##### EXERCISE DATA

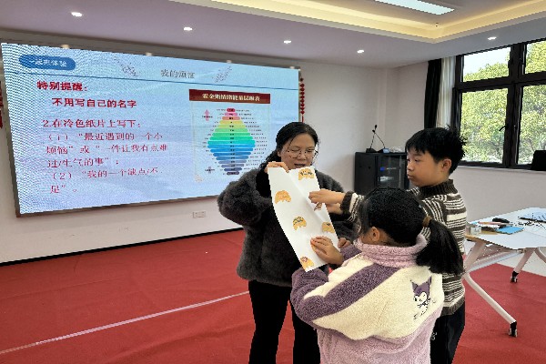活动特别邀请了经验丰富的何雪芬老师组织开展。在“情绪超能力探索站”的暖身环节,青少年积极互动,用夸张的肢体语言演绎喜怒哀惧,让抽象情绪化作具象表达。当凡凡踮起脚尖模仿“骄傲”的姿态时,全场爆发的笑声瞬间点燃了探索热情。随后的“情绪气象站”环节,青少年用水彩笔画绘制个人“情绪温度计”。这种可视化训练打破了青少年对情绪的模糊感知,帮助他们建立精准的情绪识别能力,为后续调节奠定认知基础。“情绪传导接力赛”“能量转化实验室”将场地化作共情能量场。青少年传递“心灵能量球”,通过非言语互动完成情绪理解与支持。当负面情绪卡片被投入“情绪熔炉”时,青少年通过角色扮演、正向宣言等方式重构认知,实现从被动承受情绪到主动掌控情绪的跨越。“情绪彩虹桥”将活动推向高潮。现场以“考试失利”这一贴近青少年的情境展开,何老师先引导青少年静心觉察焦虑、沮丧、自责等情绪,接着鼓励他们拿起画笔用文字或绘画把内心情绪具象化,让情绪怪兽“现形”。随后通过小组讨论和正向引导,青少年明白了考试失利是成长小插曲,负面情绪是身体提醒调整学习与心态的信号,进而积极思考应对策略。何老师带领大家放松训练,感受身体放松与内心平静,进行积极自我暗示活动,大声表达和鼓励自己。在后续的交流分享中,有的青少年坦诚倾诉考试失利带来的巨大压力,同时也坚定地表达出努力学习、下次取得进步的决心;有的则绘声绘色地分享与朋友倾诉的过程,将内心的烦恼毫无保留地倒出来,在朋友的安慰与鼓励中,收获温暖与力量,也更加珍惜这份真挚的友谊。
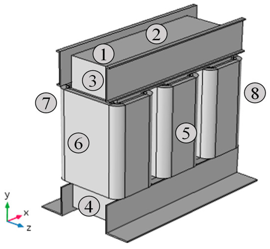 where Lp is the sound pressure level in decibel (dB); p is the sound pressure in Pa; p0 is the reference sound pressure, with a magnitude of 2 × 10−5 Pa. The simulation model adopted to analyze the vibroacoustic characteristics of the model transformer, using COMSOL5.3 Multiphysics software, is developed in the following sections.
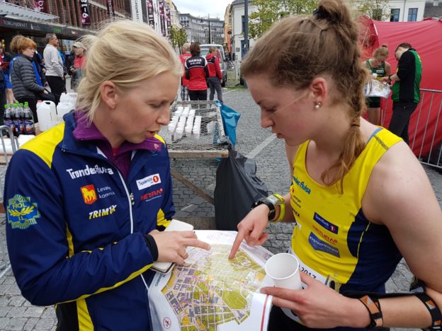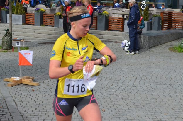 Lars S Skjeset og Eirin Svanøe-Hafstad ble best av våre under NM sprint på Hamar i dag. Lars ble nummer 11 og Eirin nummer 18 i seniorklassene. Lars kom i mål 41 sekunder fra medalje etter et jevnt godt løp. Eirin var uheldig med veivalget til andreposten, og tapte bortimot 40 sekunder på det. Etter det løp hun meget godt, og kom i likhet med Lars inn til premieplass. Carl Petter Lyngen ble nummer 25 i finalen. Bilde: (Kine Sofie og Eirin diskuterer løypa etter målgang)
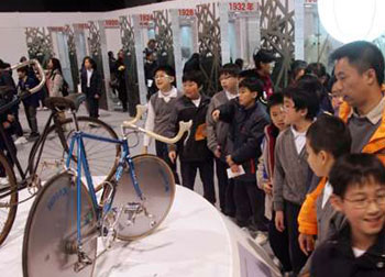 要說此次奧運(yùn)珍品展中最受歡迎的展品,非今年北京奧運(yùn)的場館模型和“祥云”火炬莫屬。每日在北京奧運(yùn)主場館“鳥巢”、“水立方”的微縮模型前和北京奧運(yùn)傳遞火炬“祥云”合影處總是人頭涌動(dòng)。

##########

## WORK TASK
Skip all pictures. Then give again, exactly, each line from the line holding "Lars S Skjeset" through the last line of the listing above, both ends included.

## ANSWER SECTION
 Lars S Skjeset og Eirin Svanøe-Hafstad ble best av våre under NM sprint på Hamar i dag. Lars ble nummer 11 og Eirin nummer 18 i seniorklassene. Lars kom i mål 41 sekunder fra medalje etter et jevnt godt løp. Eirin var uheldig med veivalget til andreposten, og tapte bortimot 40 sekunder på det. Etter det løp hun meget godt, og kom i likhet med Lars inn til premieplass. Carl Petter Lyngen ble nummer 25 i finalen. Bilde: (Kine Sofie og Eirin diskuterer løypa etter målgang)
 要說此次奧運(yùn)珍品展中最受歡迎的展品,非今年北京奧運(yùn)的場館模型和“祥云”火炬莫屬。每日在北京奧運(yùn)主場館“鳥巢”、“水立方”的微縮模型前和北京奧運(yùn)傳遞火炬“祥云”合影處總是人頭涌動(dòng)。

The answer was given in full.